Medians for light exposure within each quartile ranged from 8.1 nW/cm2/sr in the lowest to 92.7 nW/cm2/sr in the highest. The same quartile definitions were used when examining urban and rural residents separately. As one might expect, more than half of rural residents were in the lowest quartile for nighttime light exposure, whereas 41% of urban dwellers were in the highest, and another 29% were in quartile 3. There were also small but statistically significant differences between urban and rural residents for other potential factors such as traffic noise and air pollution.

There was virtually no relationship between degrees of light exposure and wet AMD rates in the rural population: Ha and colleagues calculated a risk increase of just 1% per increment in exposure quartile, after adjustment for numerous covariates.

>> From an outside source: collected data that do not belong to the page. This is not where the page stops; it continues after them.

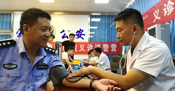 7月31日,在“八·一”建军节来临之际,临沂市人民医院携手临沂同德中医医院冒着酷暑来到蒙山旅游度假区公安分局进行义诊,为保卫蒙山安全的干警、协警和防火队员送上了一份健康大礼。
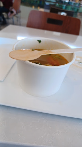 I was the only customer and the cook took 5 minutes to pour some cold broth into a cardboard bowl, add lumps of chicken and a very small number of vegetables without any noodles at all and microwave it.
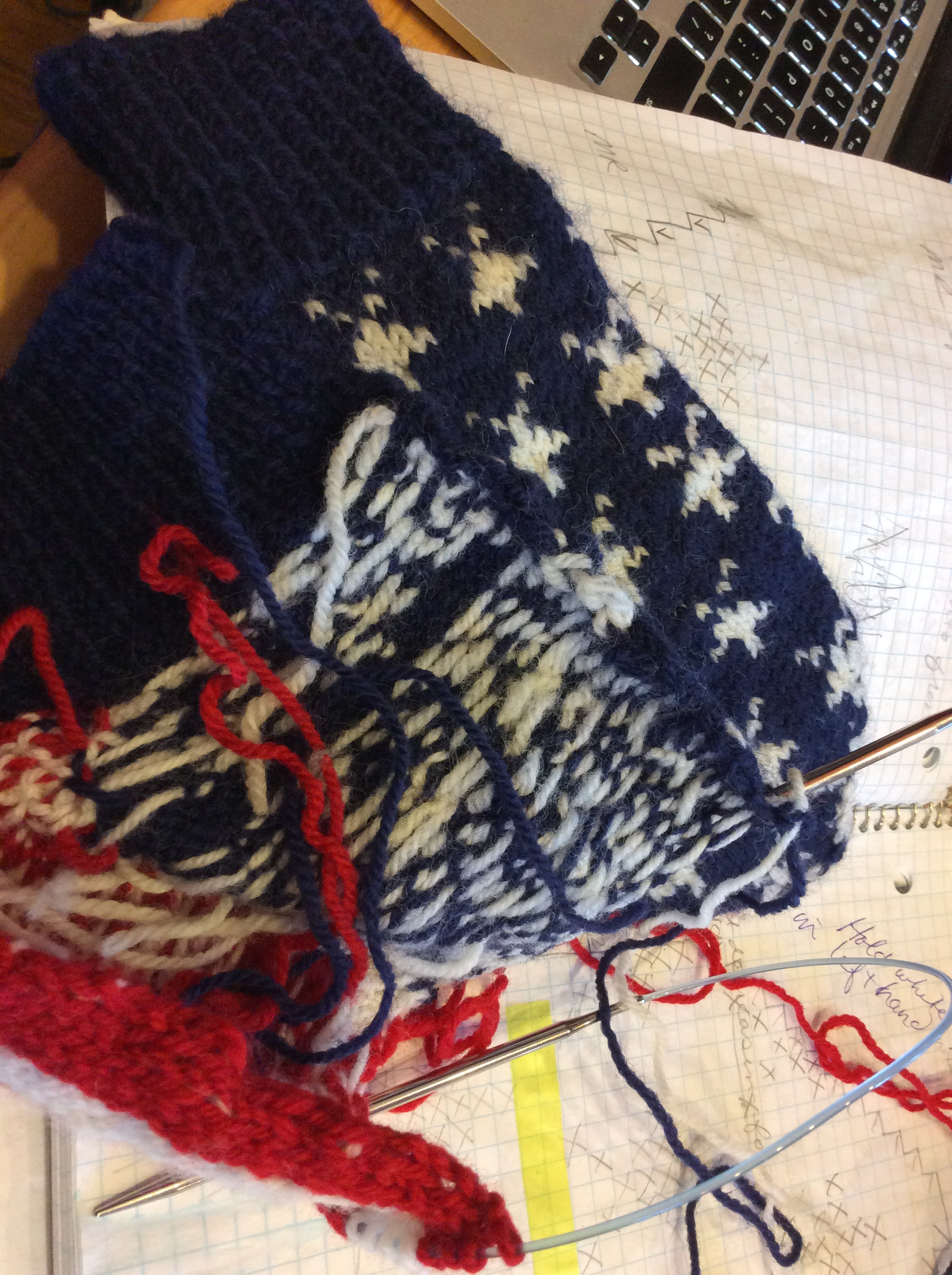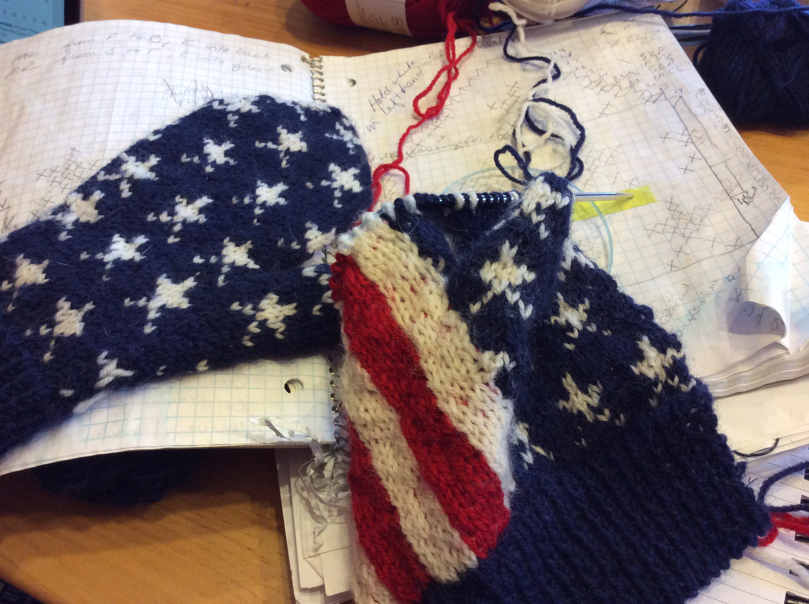 This pattern has plagued me since the last Winter Olympics. Finally, it is finished. What better name than Campaign Trail Mittens? My husband always jokes that my knitting is “work of national importance,” but voting is definitely “work of national importance,” especially this election year. With the weather turning warm climates, cold and cold climates, warm, these mittens should be useful in many states over the next month or two. Here’s a photo of the work in progress. You can find the final pattern on my Etsy site: KISSpatterns.
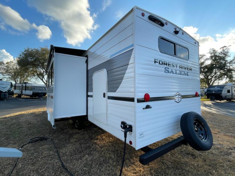 The Salem travel trailers are packed with hassle-free camping amenities! There are a variety of floorplans to choose from between three different regions. The heated and enclosed Accessibelly will help protect against the elements and debris during transport, and the exterior retro/metal redesign is sure to be eye-catching! There are stylish roller shades inside, along with updated backsplash, elegant curtain rods and curtains, plus many more interior comforts! Choose a Salem travel trailer today for quality and value!

Among the 10,395 rural participants in quartile 3 for exposure, wet AMD was diagnosed at a rate just 4% greater than for quartile 1 (there were only five rural residents in quartile 4, with no AMD diagnoses).

For specific mechanisms by which light exposure might trigger wet AMD, Ha and colleagues suggested that retinal pigment epithelial (RPE) cells, which help maintain healthy ocular function, are a likely target. The researchers cited previous lab studies showing that ultraviolet light is lethal to these cells. Moreover, they added, “[e]xcessive light exposure, particularly long-term blue light exposure, has been shown to disrupt mitochondrial dynamics, promote fragmentation, and cause oxidative stress, ultimately decreasing the viability of RPE cells by nearly 40%.”

Finally, Ha’s team suggested that disruption in circadian rhythms may also contribute to AMD, insofar as important housekeeping functions for photoreceptors are tied to these diurnal variations. As well, animal studies have indicated that altered circadian rhythms can promote angiogenesis, the pathology underlying wet AMD.

Ha and colleagues acknowledged several limitations to the study, such as the relative coarse resolution for light exposure data; the satellite data did not necessarily capture fluctuations in lighting patterns over time in a given area. Perhaps more importantly, the analysis did not address contributions from nighttime indoor light.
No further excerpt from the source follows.